Star Wars è uno dei film più popolari della storia, e una pietra miliare della cultura pop. Però, nonostante la venerazione che i fan nutrono per la saga, solo i più devoti tra loro non sarebbero sorpresi di sapere che le avventure di Luke Skywalker non esordirono al cinema nel 1977, bensì tra le pagine di un libro omonimo, pubblicato nel dicembre dell’anno precedente.
Questo romanzo, che fu intitolato a George Lucas, sebbene fosse stato scritto nella pratica da Alan Dean Foster, non venne concepito come una versione differente della storia, bensì come un lavoro di approfondimento della sceneggiatura del film.

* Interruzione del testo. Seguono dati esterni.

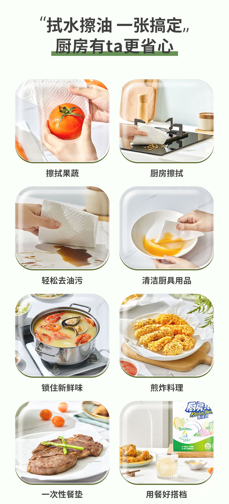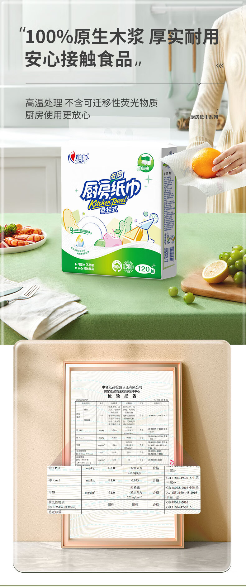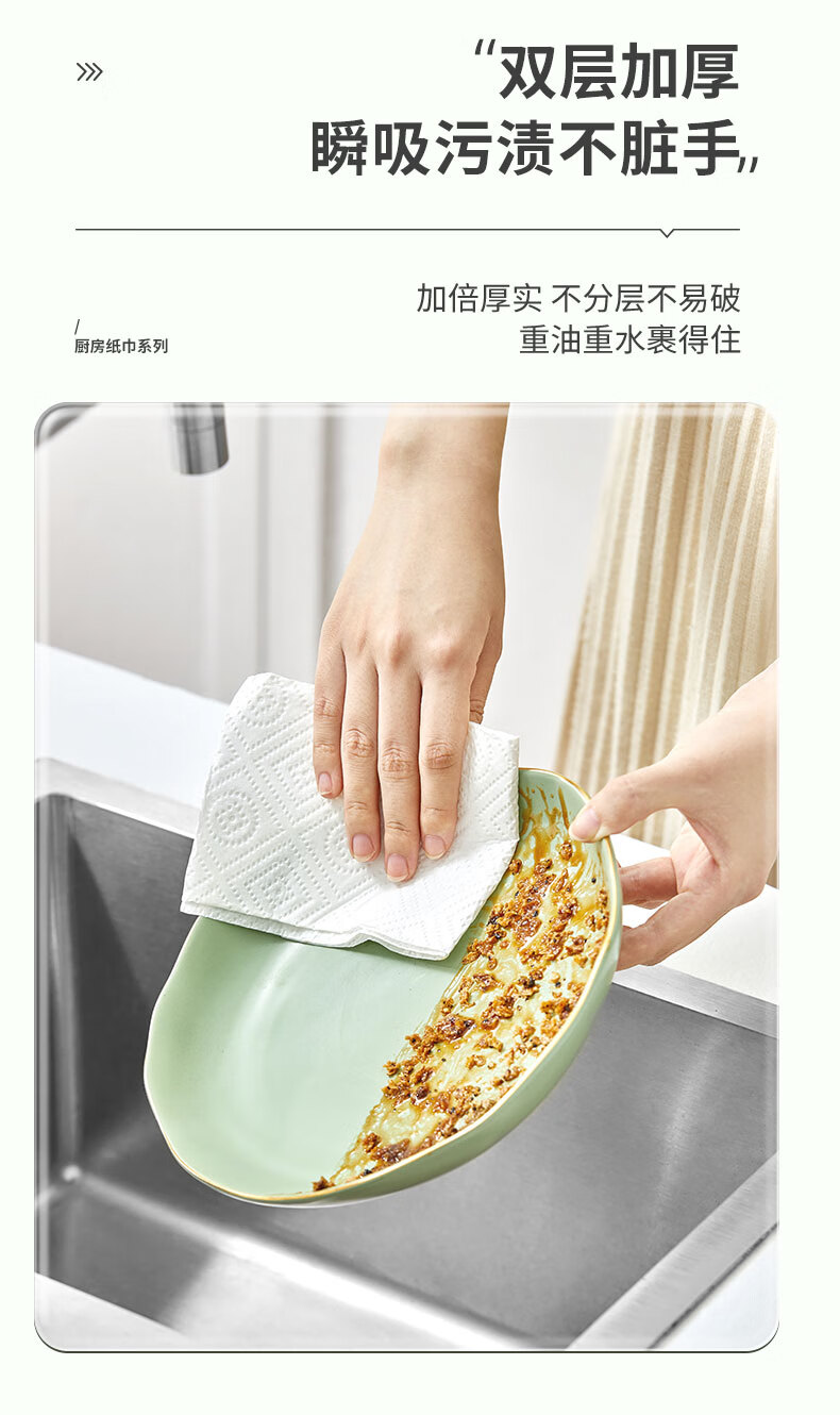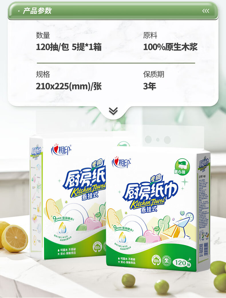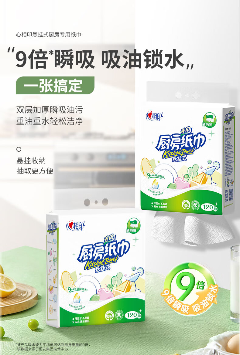 心相印厨房纸巾 悬挂式120抽5提整箱 吸油锁水 食品级厨房专用纸 底部抽 2层 120抽*1提 【210*225超大张】

La trama era sostanzialmente identica tra i due media, ma le scene, i dialoghi e le descrizioni della galassia lontana lontana furono tutti ampliati nello scritto di Foster.
Oggi quest’opera ed i suoi successori sono poco noti al grande pubblico, ma essi hanno giocato un ruolo significativo nello sviluppo del franchise di Star Wars; non solo, questi libri sono stati anche casi esemplari nello sviluppo di una particolare forma d’intrattenimento, l’adattamento letterario.
Gli adattamenti letterari: storia e ruolo nel mercato
Durante il Master in Booktelling, seguendo le lezioni della professoressa Eleonora Recalcati, chi scrive ha imparato come la trasposizione di una stessa storia tra media differenti non sia un’impresa banale e meccanica, ma un processo creativo con delle regole da seguire e ostacoli da superare. Giustamente, quindi, nessuno dubita del valore artistico degli adattamenti di opere letterarie, che peraltro giocano un ruolo assai importante nell’industria culturale, ma risulta difficile fare altrettanto con i risultati del fenomeno opposto, ovvero i libri nati come trasposizione di altre opere ludiche.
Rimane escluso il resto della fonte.